- Guliston Location in Tajikistan
- Coordinates: 40°15′53″N 69°47′22″E﻿ / ﻿40.26472°N 69.78944°E
- Country: Tajikistan
- Region: Sughd Region

Population (2020)
- • City: 49,200
- • Urban: 18,000
- Website: www.guliston.tj

= Guliston, Sughd =

Guliston (Гулистон; Гулистон, before 2016: Qayroqqum or Kayrakkum) is a city in north-western Tajikistan. It is located in Sughd Region, at the western tip of the Kayrakkum Reservoir. Guliston is a city of regional subordination, and is not part of a district.

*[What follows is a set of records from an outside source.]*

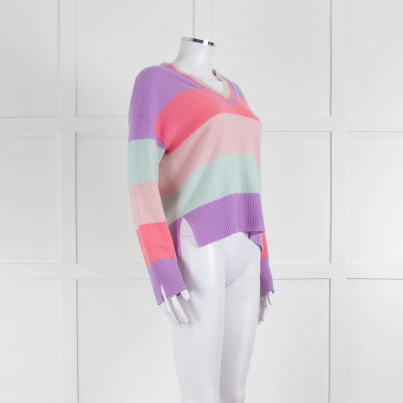 & Isla Purple Pink Blue Stripe V Neck Cashmere Jumper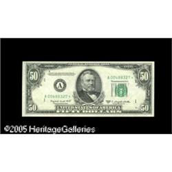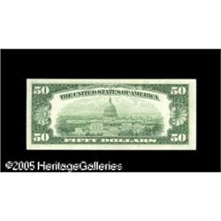 <B>Fr. 2110-A* $50 1950C Federal Reserve Note. Gem Crisp Uncirculated.</B></I><BR>Punch through embossing is seen on the star for the upper serial number on this Boston $50. Lot:16258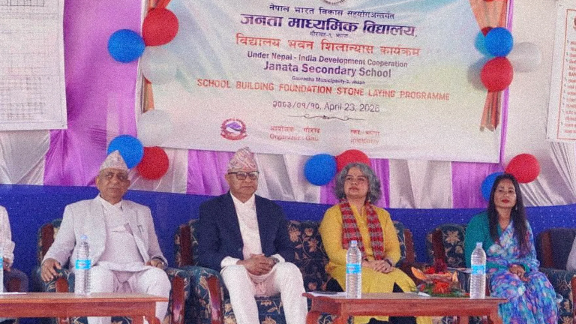 कोशी प्रदेश के झापा जिले में शिक्षा के स्तर को ऊपर उठाने के उद्देश्य से आज एक महत्वपूर्ण निर्माण कार्य की शुरुआत हुई। कोशी प्रदेश के मुख्यमंत्री हिक्मत कुमार कार्की ने गौरादह नगरपालिका-1 में श्री जनता माध्यमिक विद्यालय के भवन का आधिकारिक शिलान्यास किया। इस अवसर पर भारतीय दूतावास की काउंसलर गीतांजलि ब्रैंडन और गौरादह के मेयर छत्रपति सुबेदी भी विशेष रूप से उपस्थित रहे।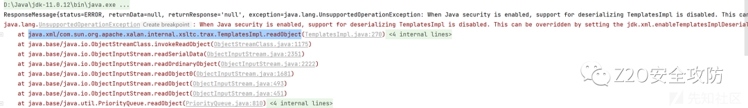java.lang.UnsupportedOperationException: When Java security is enabled, support for deserializing TemplatesImpl is disabled. This can be overridden by setting the jdk.xml.enableTemplatesImplDeserialization system property to true.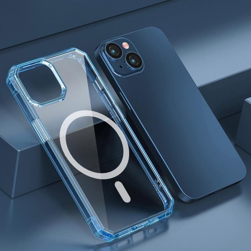 For iPhone 13 TPU Four-corner Airbag Shockproof Magsafe Phone Case(Blue)

The population of Guliston in 2020 is estimated at 18,000 for the city proper and 49,200 including the outlying communities. The city of Guliston also covers the towns Adrasmon, Zarnisor, Konsoy, Navgarzan, Sirdaryo and Choruqdayrron.

==Etymology==
The name Guliston and variations is a very common name in the Persians speaking world and means "Rose Garden ".

==See also==
- List of cities in Tajikistan
- Guliston, Rudaki District
- Gulistan, Zafarabod District
- Gulistan, Hamadoni District a village outside of Moskovskiy, Tajikistan.
- Guliston Temurmalik District. A town on the Kulob railway line.
- Gulaston, Kulob, a suburb of Kulob.
- Gulastan, Uzbekistan.
- Guliston, Uzbekistan.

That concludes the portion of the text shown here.